The Technical Committee on Cultural Heritage informed the European Parliament in Brussels on Tuesday that it has restored 31 sites across the island so far.

The Committee, that presented its work to the EP for the first time, said that it successfully restored 31 heritage sites across the island, including Orthodox, Maronite and Armenian churches, mosques and minarets, fortifications, hammams, aqueducts and watermills.

Glafkos Constantinides, a GC member of the committee, told the EP that the Committee’s 10-year journey  has shown in the clearest possible way how cultural heritage conservation, with all its complexities and challenges, can be a paradigm for the future that Cyprus is in great need of.

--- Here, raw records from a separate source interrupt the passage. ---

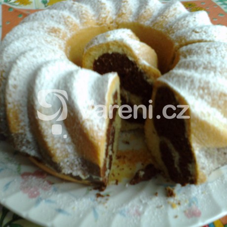 Těsto nalijeme do tukem vymazané a strouhankou (hrubou moukou) vysypané formy a upečeme v troubě vyhřáté na 180 °C dozlatova.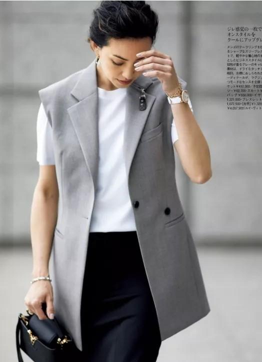 在穿高级灰时,由于灰色本身属于深色系,搭配时要想穿出层次感来,多利用白色,淡粉色,黑色等与其有明显色彩界限的颜色,或者运用精致的配饰加持穿搭,且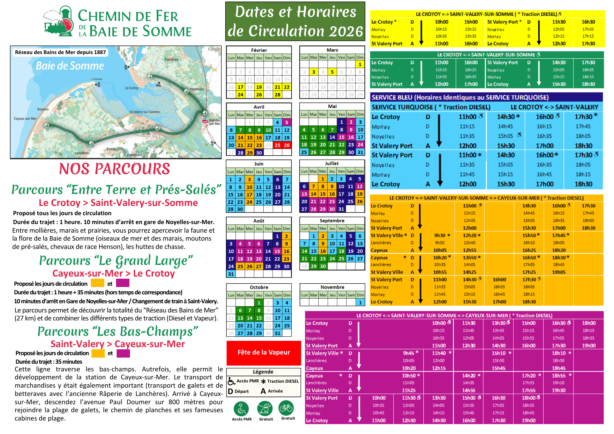 Les gares du Crotoy et de Cayeux-sur-Mer se situent à environ 800m à pied du centre-ville. Aucune navette n'est proposée depuis les gares pour rejoindre le centre-ville.

TC chairman of the committee, Ali Tuncay, said that cultural heritage and differences should no longer be factors that cause conflicts but factors that contribute to cooperation, peace and the prosperous living of Turkish Cypriots, Greek Cypriots, Maronites, Armenians and others.

He said the Committee travelled from Paphos to Karpas and visited hundreds of monuments all around the island, before projects were prepared with technical support from the UNDP and financial contribution from the European Union, allowing the successful completion of important work.

Head of office of the UNDP in Cyprus Tiziana Zennaro said the work of the Committee is already serving as an example in many other similar contexts, including Kosovo, Moldova, Iraq and Jerusalem. In 2019, she added, the UNDP is planning to co-organise along with the Technical Committee a regional conference on confidence building through cultural heritage.

TC leader to attend bicommunal event in buffer zone

Alithia, Phileleftheros
Negotiations Process, CBMs


TC leader Mustafa Akinci is to attend on Wednesday an event organised by the Slovak Embassy at Ledra Palace hotel in the buffer zone, attended also by political party leaders from both side of the divide.

The event is to be addressed by Slovak ambassador Jan Skoda. UN Secretary-General Special Representative Elisabeth Spehar will be the guest speaker.

Both leaders had been invited to the event. Among attendees will be DISY leader Averof Neophytou and representatives of GC and TC parties, members of the diplomatic community, representatives of technical committees and NGOs and UN officials.

Bicommunal group calls on leaders to quit stalling

Alithia, Haravgi
Negotiations Process


The Bi-Communal Peace Initiative-United Cyprus, that represents around 75 groups and organisations said on Tuesday they were concerned the two leaders were creating an atmosphere that makes the agreement appear impossible.

During a press conference on Tuesday morning out in the street near the area where the two leaders were to meet, the group demanded from the two leaders that they come out from the meeting with a clear decision to return to the negotiating table and positively respond to the pending issues since Crans-Montana. Time is running out, against the interests of both communities, the group said.

The group demanded that the two leaders rise up to the expectations and the common will of both communities and take those steps that can lead to an agreement as soon as possible to reunite the country.

Arrested Turkish Kurd expressed fears for his life

Alithia, Haravgi, Phileleftheros, Politis
Internal Security


A Turkish Kurd and a Syrian, arrested after being caught carrying a gun and ammunition in a Limassol hotel, were remanded on Tuesday for eight days.

The Kurdish man was reportedly sentenced to a year in prison in the north in 2017 for an abduction case. GC authorities are still waiting information from the north, through the Bicommunal Technical Committee on Crime, on whether he is involved in a murder case.

He told police he had entered the free areas in 2018 and that he had bought the gun some 20 days ago because he is afraid for his life.